Re: join selectivity

From: "Mark Cave-Ayland" <m(dot)cave-ayland(at)webbased(dot)co(dot)uk>
To: "'Tom Lane'" <tgl(at)sss(dot)pgh(dot)pa(dot)us>
Cc: <strk(at)refractions(dot)net>, <pgsql-hackers(at)postgresql(dot)org>, <postgis-devel(at)postgis(dot)refractions(dot)net>
Subject: Re: join selectivity
Date: 2004-12-16 17:45:08
Message-ID: 9EB50F1A91413F4FA63019487FCD251DAD22@WEBBASEDDC.webbasedltd.local
Views: Raw Message | Whole Thread | Download mbox | Resend email
Thread:
Lists: pgsql-hackers


> -----Original Message-----
> From: Tom Lane [mailto:tgl(at)sss(dot)pgh(dot)pa(dot)us]
> Sent: 16 December 2004 15:55
> To: Mark Cave-Ayland
> Cc: strk(at)refractions(dot)net; pgsql-hackers(at)postgresql(dot)org;
> postgis-devel(at)postgis(dot)refractions(dot)net
> Subject: Re: [HACKERS] join selectivity
>
>
> "Mark Cave-Ayland" <m(dot)cave-ayland(at)webbased(dot)co(dot)uk> writes:
> > ...and with two indices RESTRICT is called four times.

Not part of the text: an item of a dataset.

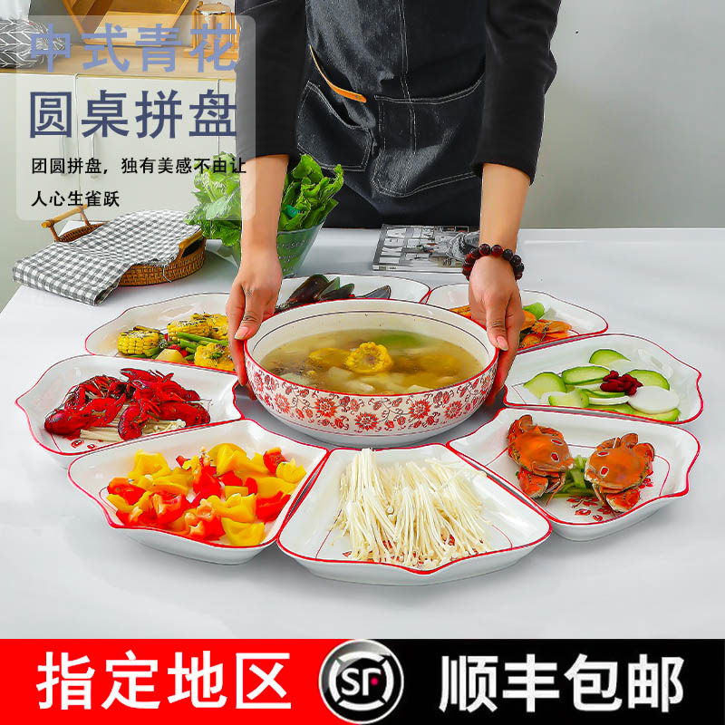 Set plate net red set reunion platter tableware combination fan-shaped ceramic plate household dishes round table Chinese New Year plate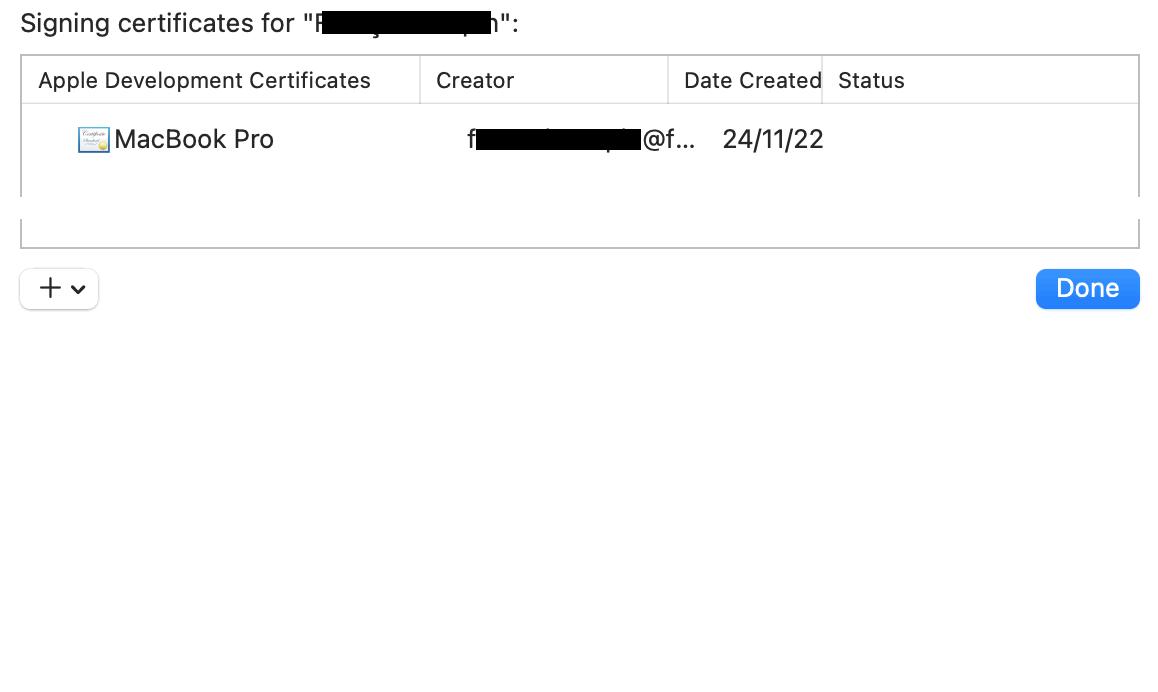 but couldn't find that dropdown. So I went to Xcode > Preferences > Accounts, added my Apple ID to the left pane, then I created a signing certificate in the right pane. I got this:

The part I
> > find
> > confusing is why with one index that RESTRICT is called twice.
>
> [ shrug... ] clause_selectivity doesn't try to cache the result.

Hi Tom,

OK I think I've misunderstood something more fundamental than that; I
understood from what you said that the RESTRICT clause is used to evaluate
the cost of table1.geom && table2.geom against table2.geom && table1.geom
(i.e. it is used to help decide which one should be seq scanned and which
should be index scanned in a nested loop node). So is the trick here for a
commutative operator to simply return the same value for both cases, as
other factors such as index size costs are considered elsewhere?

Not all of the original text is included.